The film correctly understands that if we don’t “buy into” and come to cherish the idea of Pete and Elliot’s mutually-devoted instant friendship there’s nothing to hang the story on, so an impressive amount of the first act is spent in a largely plot-free space of simply watching the day-to-day existence of Pete as he grows into a pint-sized ten year-old Tarzan getting by in the woods on his wits and dragon-assisted survival skills.

As in the original, there’s no question that Elliot is “real” in the physical sense, but the pair’s scenes together are purposefully reflective of a boy whose come to rely so singularly on what amounts to a gigantic teddy bear that he’s forgotten how to recognize his own loneliness or longing for human connection.

But human connection soon finds Pete instead when the unscrupulous boss of the local lumber company (Karl Urban) makes a push deeper into the woods than he’s supposed to and butts up against Elliot’s territory. The presence of the first other humans he’s seen in five years immediately draws Pete’s curiousity, particularly when Urban’s character’s ecologically-minded forest ranger sister in-law (Bryce Dallas Howard) comes nosing around with her family and, through a series of mishaps, winds up discovering the “feral” forest child and taking him back to nearby civilization. Problematically, Elliot’s presence becomes known as well, and Urban’s craven opportunist immediately recognizes him as the “Millhaven Dragon” of local urban legend and rounds up a posse to go monster hunting for fortune and glory.

Anyone even a year or two older than Pete himself will be able to guess where this is all going, but the magic is in getting there and Pete’s Dragon is one of the most gentle, deliberate versions of this particular story to come along in a long time.

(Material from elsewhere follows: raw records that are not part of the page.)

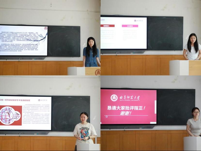 与会师生围绕教育理论研究的深化与实践创新的拓展展开了多维度、深层次的学术交流。在学术分享环节,研究生们就稷下学宫的学术传统、博放与精约教育理念、学科能力导向的英语试题编制策略、中华优秀传统文化融入幼儿园等议题,展示了富有创新性的研究成果。评委老师从研究框架的科学性、研究方法的适切性、学术创新的价值性等维度进行专业点评,为同学们后续研究提供了建设性指导。
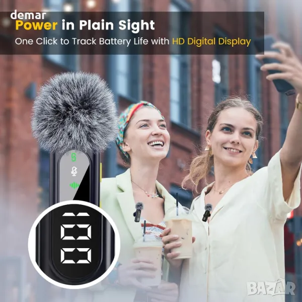 Този комплект двойка безжични лавалиер микрофони разполага с цифров дисплей за батерията и предлага до 14 часа употреба, което го прави идеален за дълги сесии на запис. Той е универсално съвместим с USB-C и Lightning устройства, включително iPhone, Android телефони, компютри и таблети, с истинска plug-and-play настройка, която не изисква приложения или Bluetooth. Ясен 360° всепосочен звук е осигурен чрез усъвършенствано шумопотискане, с четири аудио режима, включително оригинален, реверберация, намаляване на шума и без звук. Безжичният обхват от 100 фута (30 метра) и въртящата се щипка добавят свобода и гъвкавост, докато системата позволява зареждане по време на употреба с включения двоен кабел за зареждане. Всичко необходимо - микрофони, приемник, кабели, адаптери и ветрозащитни екрани - е включено в един пакет.
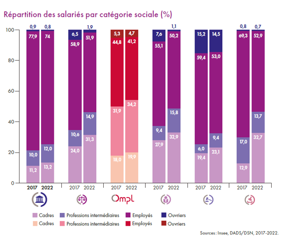 - Le taux d’employés est très important et supérieur à celui du secteur (74 % contre 51,9%) ;
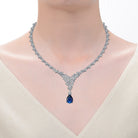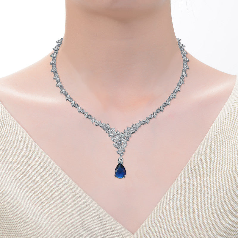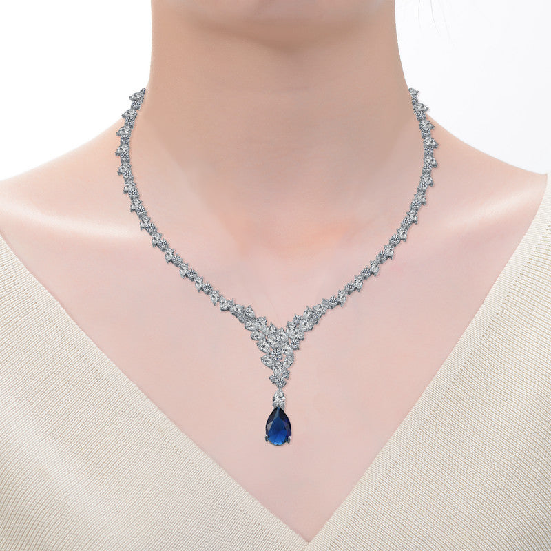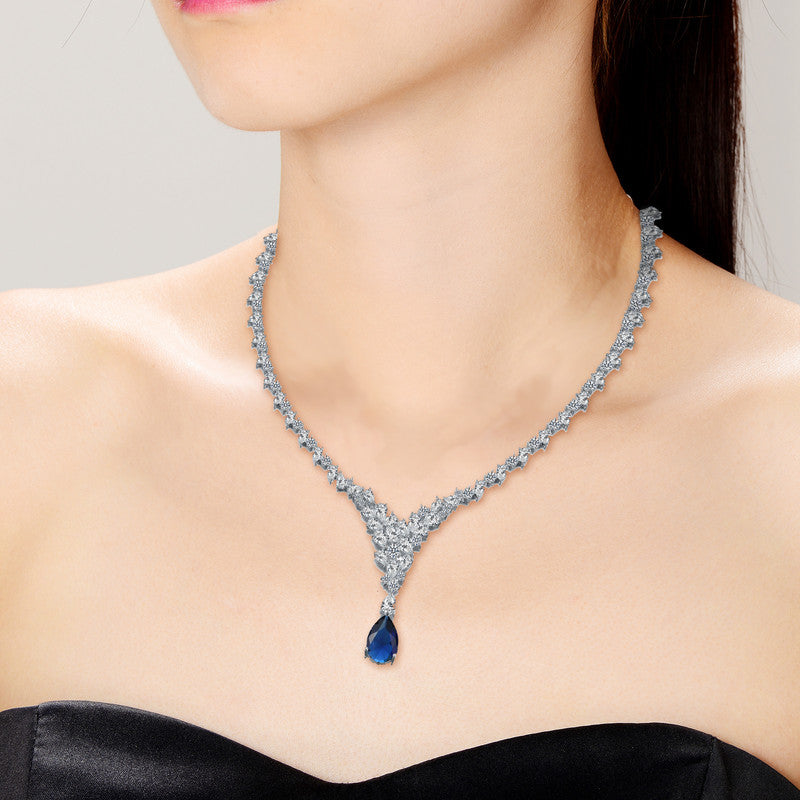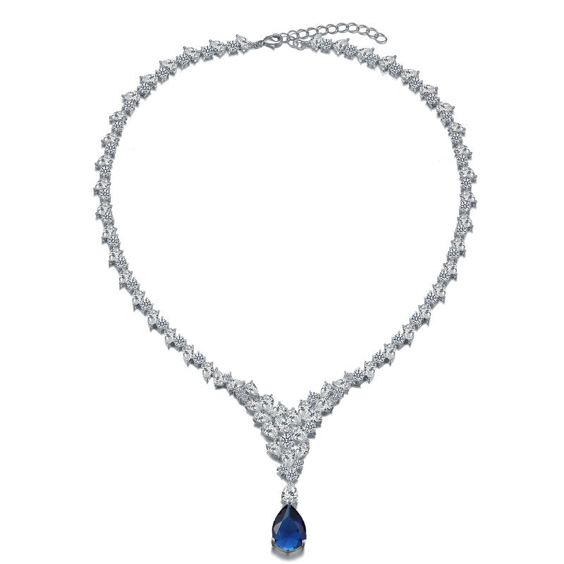 White Gold Plated Cubic ZIrconia Cluster Bridal Y-Necklace. This brightly polished white gold plated bridal necklace features sparkling mixed-cut cubic zirconia prong set in a stunning Y-shaped cluster with a raindrop pear-shaped blue cubic zirconia in the front. This pretty necklace tapers into a smaller width on the back, allowing this beautiful formal, semi-formal, or special attire necklace to sit comfortably on the collarbone. Celebrate your next special moment with something picture-worthy. Necklace measures: 16"
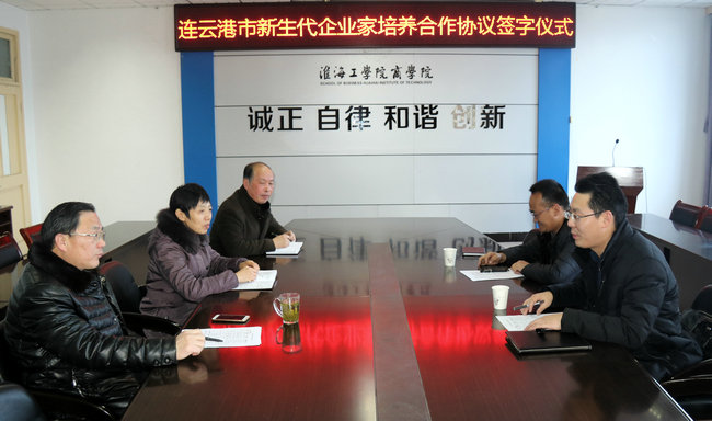 3月1日下午,商学院与团市委合作的“连云港市新生代企业家培养‘新动力’计划项目”协议签字仪式在商学院会议室举行。共青团连云港市委副书记王雷、团市委社工部部长常二华、商学院院长宣昌勇、书记杨天华、工商管理系主任徐永其教授、党政办主任兰巍参加了签字仪式。

The stakes are real (a sequence where a briefly-unconscious Pete wakes up in a hospital and flees into the town only to be overwhelmed by the sheer unfamiliarity of it all is a bravura piece of filmmaking).

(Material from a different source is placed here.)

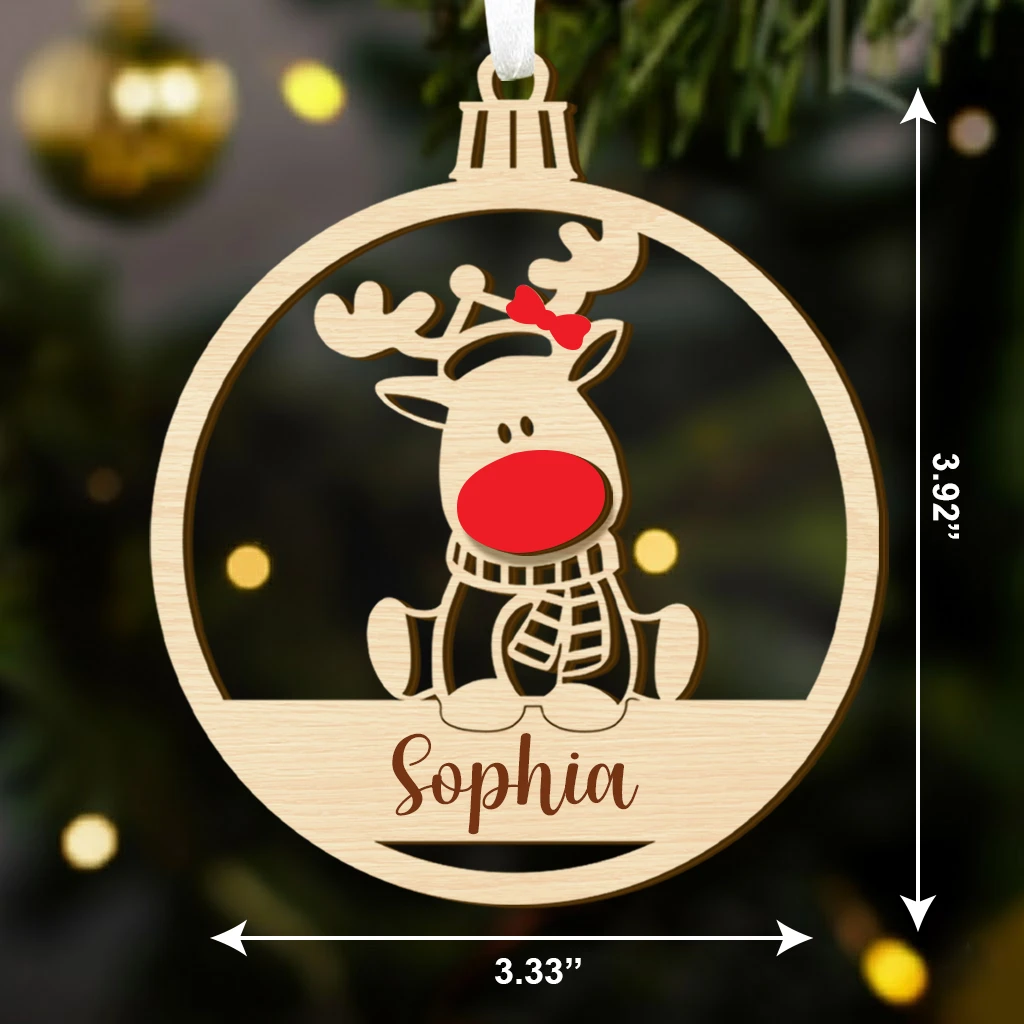 Custom Baby Girl First Christmas Rudolph Ornament | Personalized Wooden Keepsake | Perfect Christmas Ornament
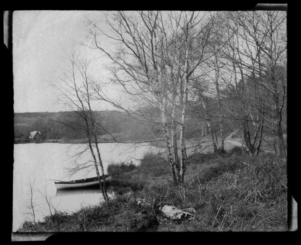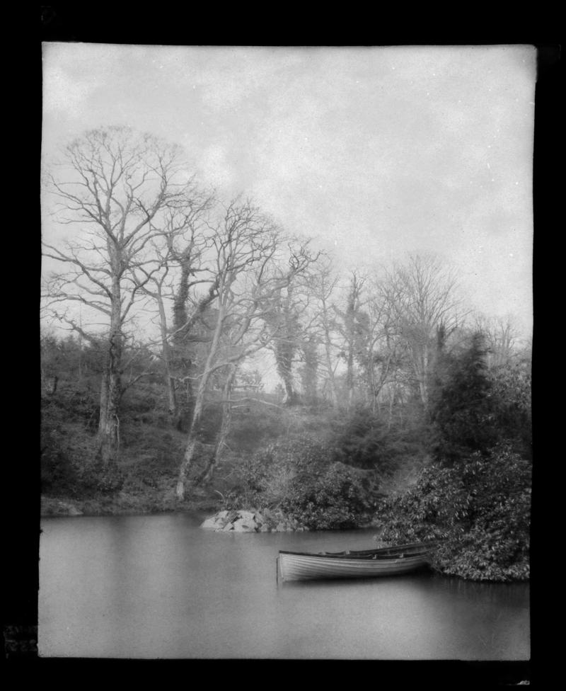 Unwaxed Calotype negative showing the Lower Lake at Penllergare with the boathouse in the distance. Tab at each corner

The emotionality is raw, especially as it begins to dawn on both boy and dragon (who, thanks to invisibility powers carried over from the original film, can observe his interactions with Howard’s family) that Pete needs to be returned to a human world where Elliot can’t be a constant presence – or maybe a presence at all – but there’s no false drama or unearned tension.

This is a slow, methodical story that trusts the youngsters to stay captivated by their own familiarity with the growing-pains dynamic at play and eschews explicit emotional exposition in favor of letting simple (or, in Elliot’s case, silent) reactions from the title characters set the mood. Even when things do begin to ramp up, with act two climaxing in a collision of misunderstandings where Pete’s official introduction of his new human friends (including Robert Redford as Howard’s somber Dragon-believing father) to Elliot morphs into a sequence of Urban and his flunkies capturing the Dragon that’s every bit as harrowing as E.T.’s home-invasion scene.

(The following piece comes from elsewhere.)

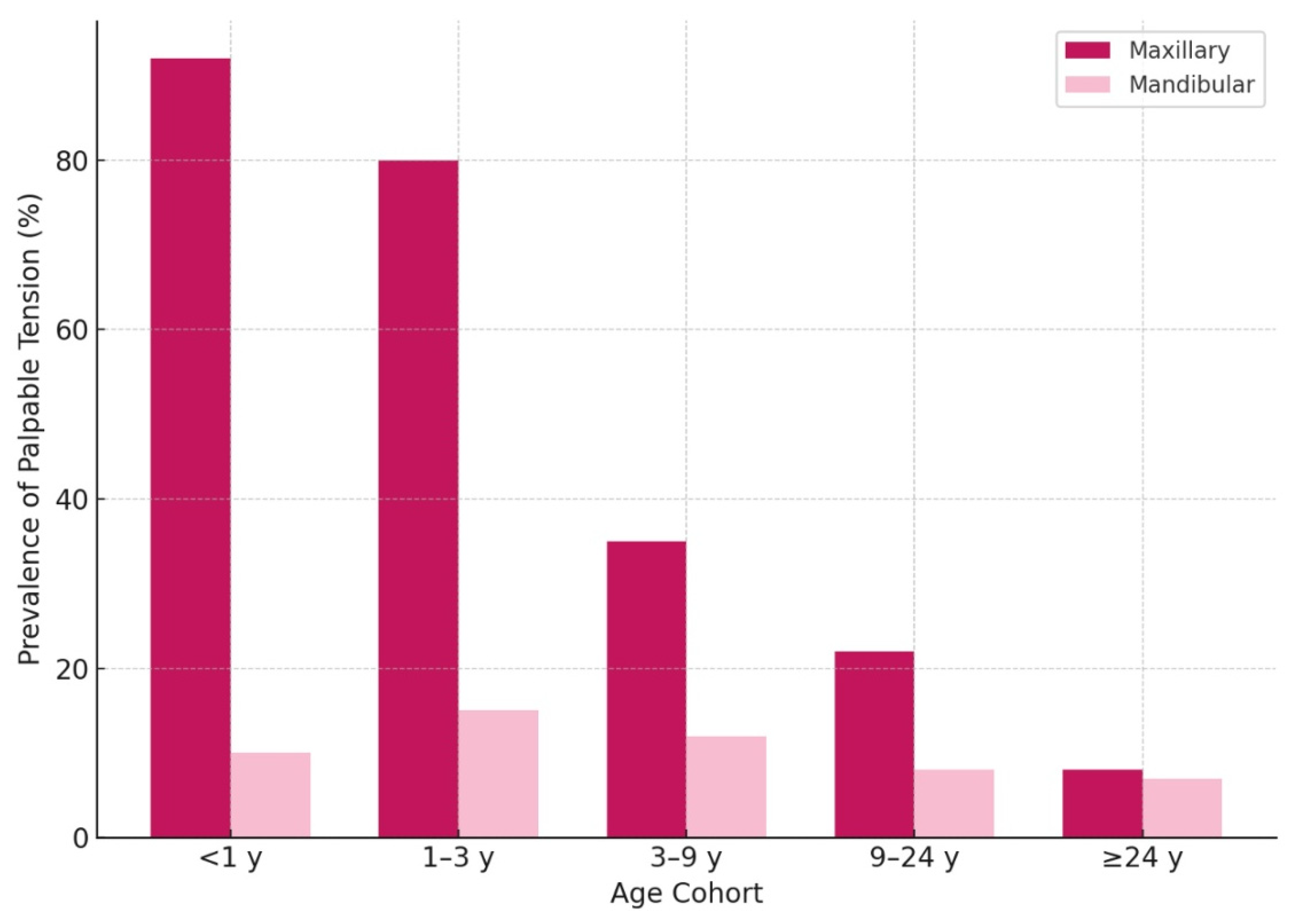 3.3. Maxillary Labial Frenum: Incidence of Palpable Tension by Age Cohort

It keeps things honest and doesn’t go for cheap points. Urban’s greedy, rifle-toting, tree-cutting villain feels about one red “Make America Great Again” hat away from being an outright caricature, but when the plot reaches put up or shut up time for its adult characters he’s allowed to manifest as a human being, albeit a misguided one.

The film is actually so committed to its own honesty and deliberate nature than it winds up coming in just shy of the ambitions its quality suggests, i.e. it’s so intimately-scaled and contemplative in its storytelling that it doesn’t quite rise to the levels of, say, The Iron Giant. But it’s a lovely and deeply moving feature that in its own quiet way proves a vital antidote to the sensory-overload that kid audiences tend to get from even the better films aimed at their age group in Summer months.

While children may not leave Pete’s Dragon with the kind of merchandise-craving sugar-high mindset that other kiddie releases aspire to, well… that’s not exactly what bedtime stories are for, in the first place.